There are five stages or phases to piglet nursing: nursing initiation,  pre-ejection, milk ejection, postejection  and nursing termination

Most of a sow’s piglets begin to suckle and get settled permanently at their chosen nipples after 2-3 days of age. Suckling event frequency averages 25 times in 24 hours with diminished frequency throughout the lactation. Suckling synchronization and teat fidelity of littermates is achieved by day 3 or 4 post-partum.

However, sow prolificacy does not equate to more colostrum production by the sow. Subsequently, managing piglets requires strategies to equate the number of functional teats to the number of piglets, understanding how piglets select their choice of teats and understanding the exciting phenomenon of piglet teat fidelity.

Research has demonstrated that an intake of about 180 grams of colostrum per kilogram of body weight is required to provide the piglet with sufficient energy and IgG for survival. Moreover, the sow’s colostrum production was independent of her litter size and overall litter weight. There was an overall decrease of 22 grams of colostrum per additional piglet born in large litters. Therefore, in larger litters, piglets are more likely to have a reduced/inadequate colostrum intake due to competition.
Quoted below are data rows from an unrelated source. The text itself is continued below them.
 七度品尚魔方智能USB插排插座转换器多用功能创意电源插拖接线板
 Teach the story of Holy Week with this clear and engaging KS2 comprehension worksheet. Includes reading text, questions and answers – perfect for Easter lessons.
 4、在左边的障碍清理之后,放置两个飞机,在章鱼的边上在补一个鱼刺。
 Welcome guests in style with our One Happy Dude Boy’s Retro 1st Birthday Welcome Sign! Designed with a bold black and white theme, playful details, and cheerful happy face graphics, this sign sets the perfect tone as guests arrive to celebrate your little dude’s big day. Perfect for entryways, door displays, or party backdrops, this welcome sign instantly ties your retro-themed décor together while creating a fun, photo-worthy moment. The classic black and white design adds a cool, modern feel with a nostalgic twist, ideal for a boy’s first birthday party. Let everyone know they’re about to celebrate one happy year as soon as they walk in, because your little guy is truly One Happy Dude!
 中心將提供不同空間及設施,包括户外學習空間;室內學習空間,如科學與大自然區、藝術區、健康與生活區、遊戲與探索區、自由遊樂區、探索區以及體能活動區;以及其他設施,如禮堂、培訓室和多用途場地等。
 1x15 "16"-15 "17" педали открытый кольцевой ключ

If the litter is undisturbed, the piglets will have chosen their preferred teat by day 3 of nursing. Interesting, by day 10, 85% will have kept the same preferred teat pairing. This study suggests that, when possible, a high level of teat fidelity is an advantage to piglets because it reduces teat disputes and the chance of missing nursing. When we can retain good sow health, sow comfort to reduce her heat stress and ensure access to teats, then it is likely that management methods, split suckling, or cross-fostering, would affect litter teat fidelity.
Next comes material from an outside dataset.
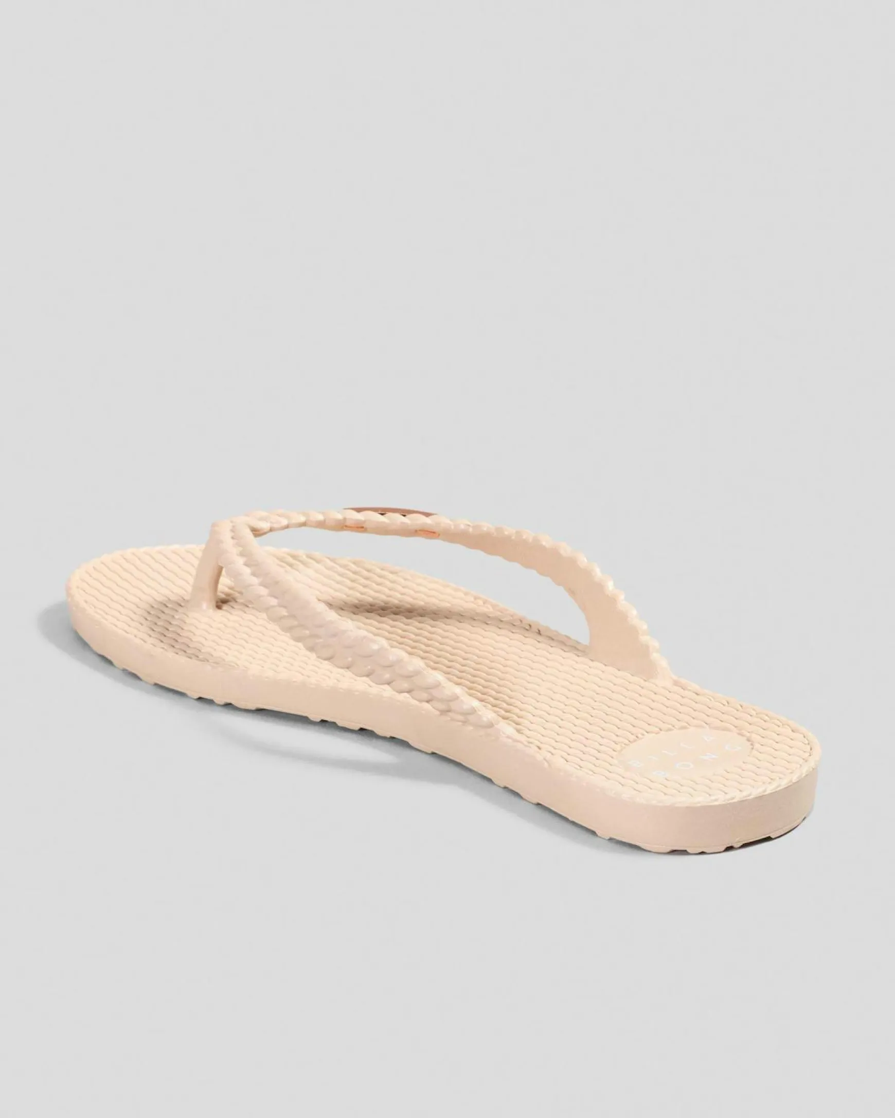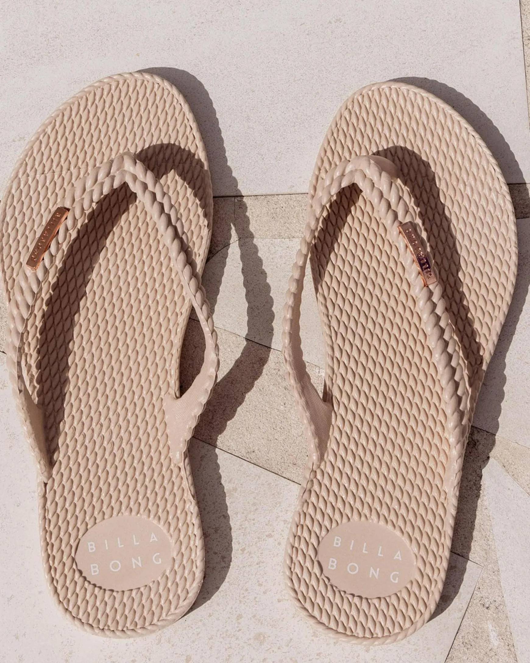 Slim straps, Textured footbed, Metal logo, Branded strap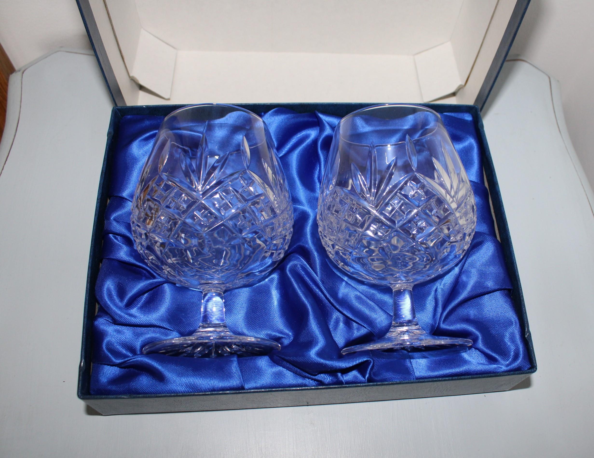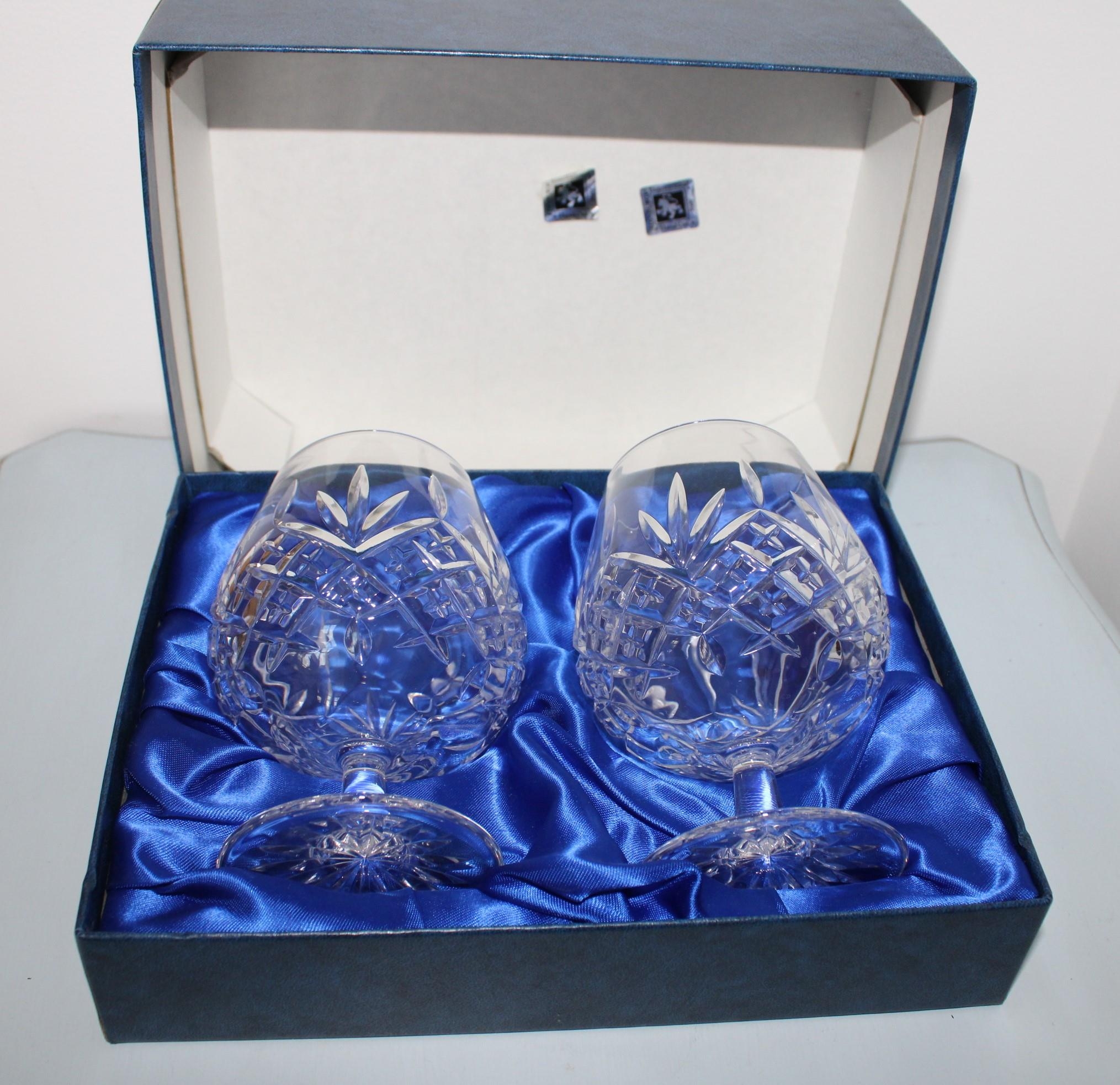 Two Hand Cut Edinburgh International Italian Crystal Glasses In Box.

However, if there are limited resources, such as less access to teats than piglets and an attempt to establish or maintain their position in the teat order, fighting would be one negative outcome of this mismatching of established and desirable teats. Fighting behavior during lactation can reduce individual piglet milk intake and increase stress, injuries and susceptibility to disease. However, if managed appropriately, the overall outcomes might improve piglet wellbeing.
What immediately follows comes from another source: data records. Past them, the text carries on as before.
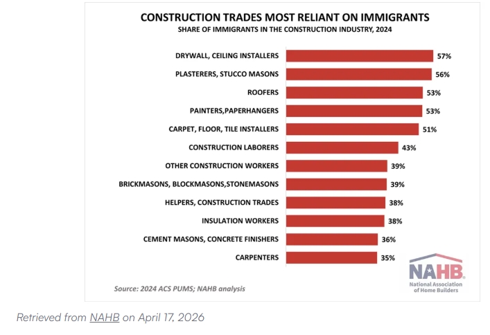 For those reasons, it’s logical to assume “that the foreign-born percentages of workers in immigrant-heavy trades will have declined in 2025 and 2026,” he said.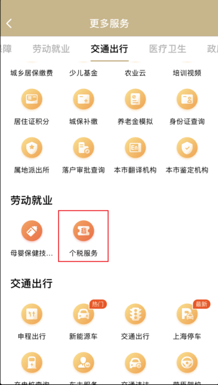 1.打开“随申办”APP,选择【办事】,点击【更多服务】,选择【劳动就业】—【个税服务】—【三方协议签订】。
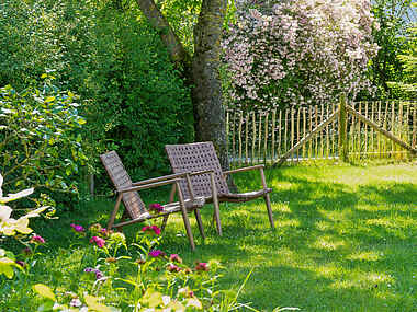 Grunden er stor og haven er indhegnet, så du kan lade eventuelle hunde eller små poder lege frit under æbletræerne. Du kan smutte igennem træer og buske på de små stier, der leder gennem et gammelt stengærde, og pludselig står du med de åbne vidder foran dig; udlejers private vilde marker og enge.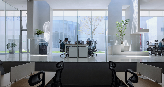 展廳、會客廳和行政會議室凸出水面,辦公區、會議室、員工食堂、廚房和多功能廳等大部分空間沉在水面以下,墻柱等構筑物和房間像細胞器一樣自由分布,具有極好的漫射采光。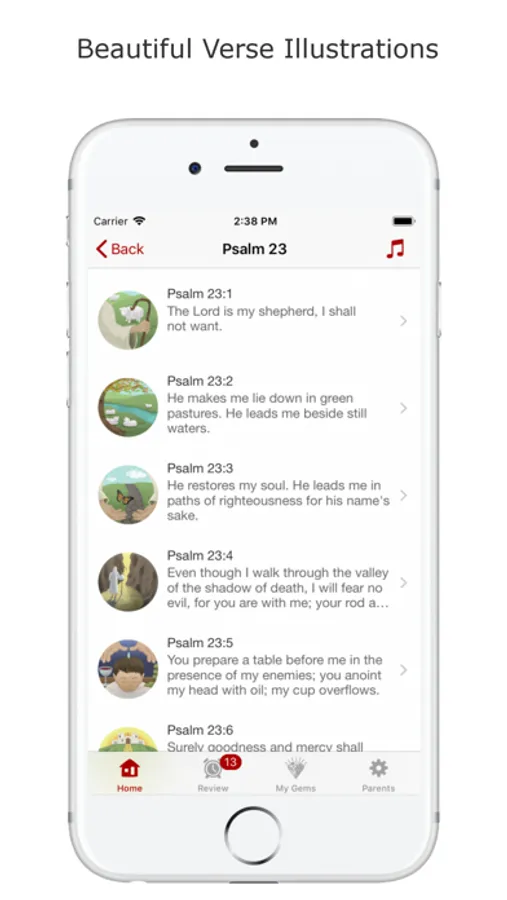 After memorizing a verse, you’ll be reminded to review it in the future, as needed. A smart review cycle helps focus on verses that need review most, while using a less frequent schedule for verses your child knows well.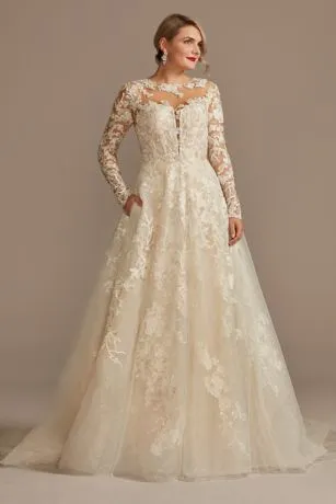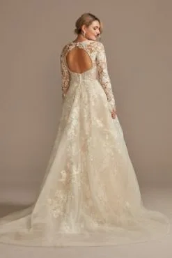 Luxurious beaded lace cascades over a shimmering metallic underlay on this majestic ball gown wedding dress. The open back is accented by delicate buttons, and the long sleeves are finished with floral appliques.
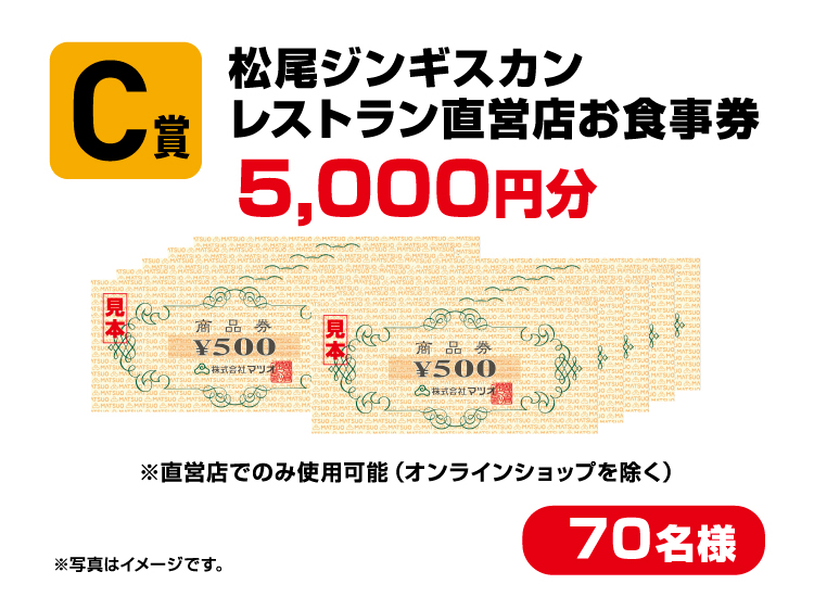 - ※A賞は電子チケットです。当選メッセージにてURLをお送りいたしますので、ご利用にはPCまたはスマートフォンが必要です。詳しくは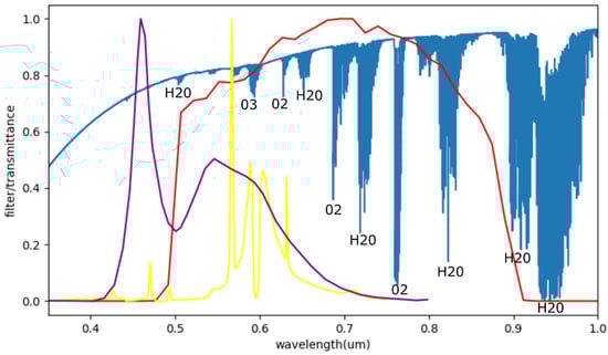 VIIRS/DNB spectral response (red), HPS (yellow) and LED (purple) spectra, and Atmospheric Spectral Transmittance (blue).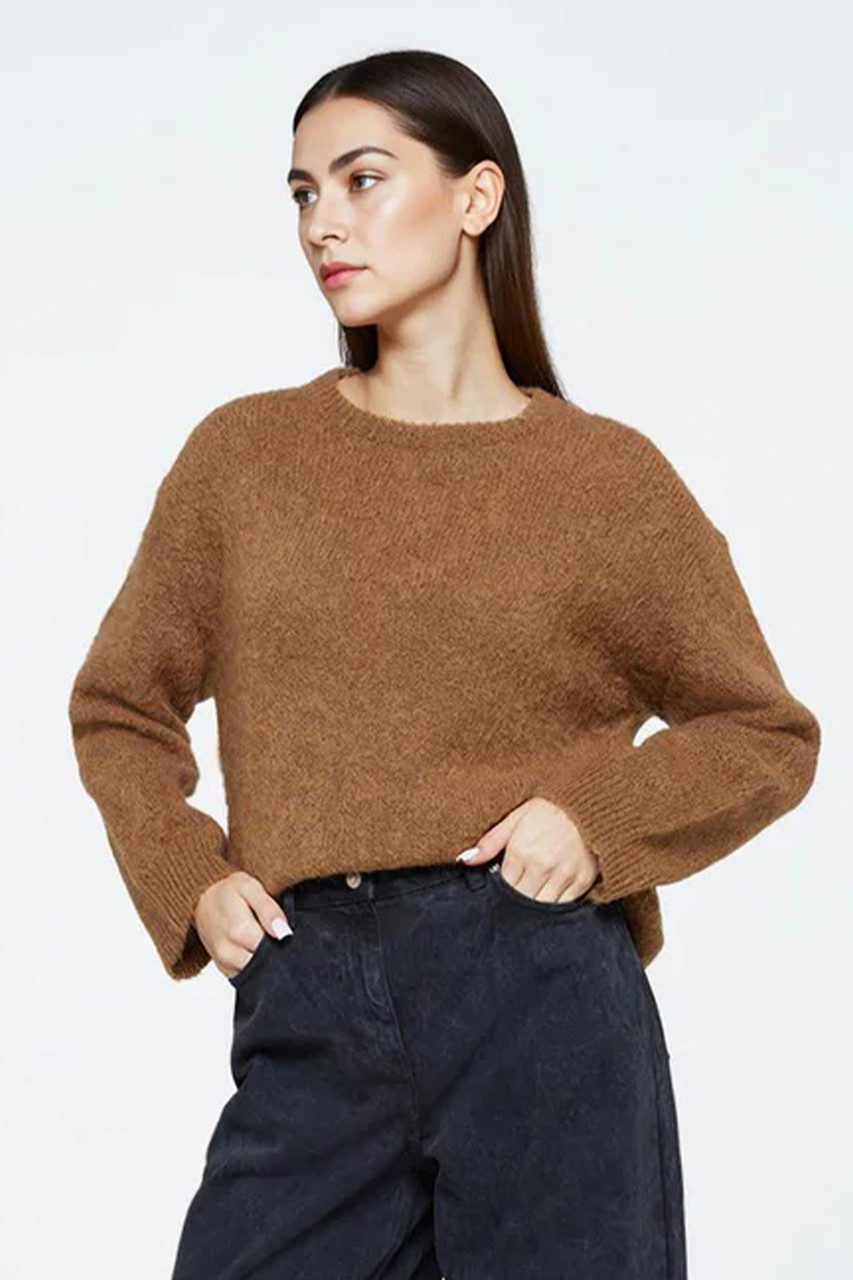 The Sasha Knit redefines everyday comfort. Made from soft Merino wool, this jumper blends relaxed fit with subtle texture for a look that feels effortless yet thoughtful. The warm Cashew tone makes it a versatile piece that works perfectly for layering or wearing on its own. A modern essential for your wardrobe. By Minimum.Â

While piglets have unwavering teat fidelity if undisrupted when the number of piglets outnumbers teat access, litter management strategies such as cross-fostering piglets away from their selected teats may have positive long-term impacts on survival, growth, behavior, reproductive successand immunity. For example, if cross-fostering to improve access to sow colostrum and milk is conducted post-20 hours after birth (or one day after birth), there have been no adverse effects on adopted piglet survival and growth performance. Further, cross-fostering in the first two weeks of life might increase socialization and reduce subsequent aggressive behaviors such as tail-biting in the nursery or grower stage.

Additionally, in a sow’s (gilt) first lactation, stockpersons and farmers must maximize her capacity for both current and future mammary development. Matching piglet numbers to functional teats ensures teat development for the subsequent parity. Dr. Chantal Farmer, Research Canada, notes that for those teats to have an adequate milk yield in the subsequent parity, they must be used in the first parity for at least two days of suckling.

Thus, the piglet’s loyalty to suckling their chosen teat is also responsible for establishing and maintaining milk production and is increasingly important with progressively prolific sows.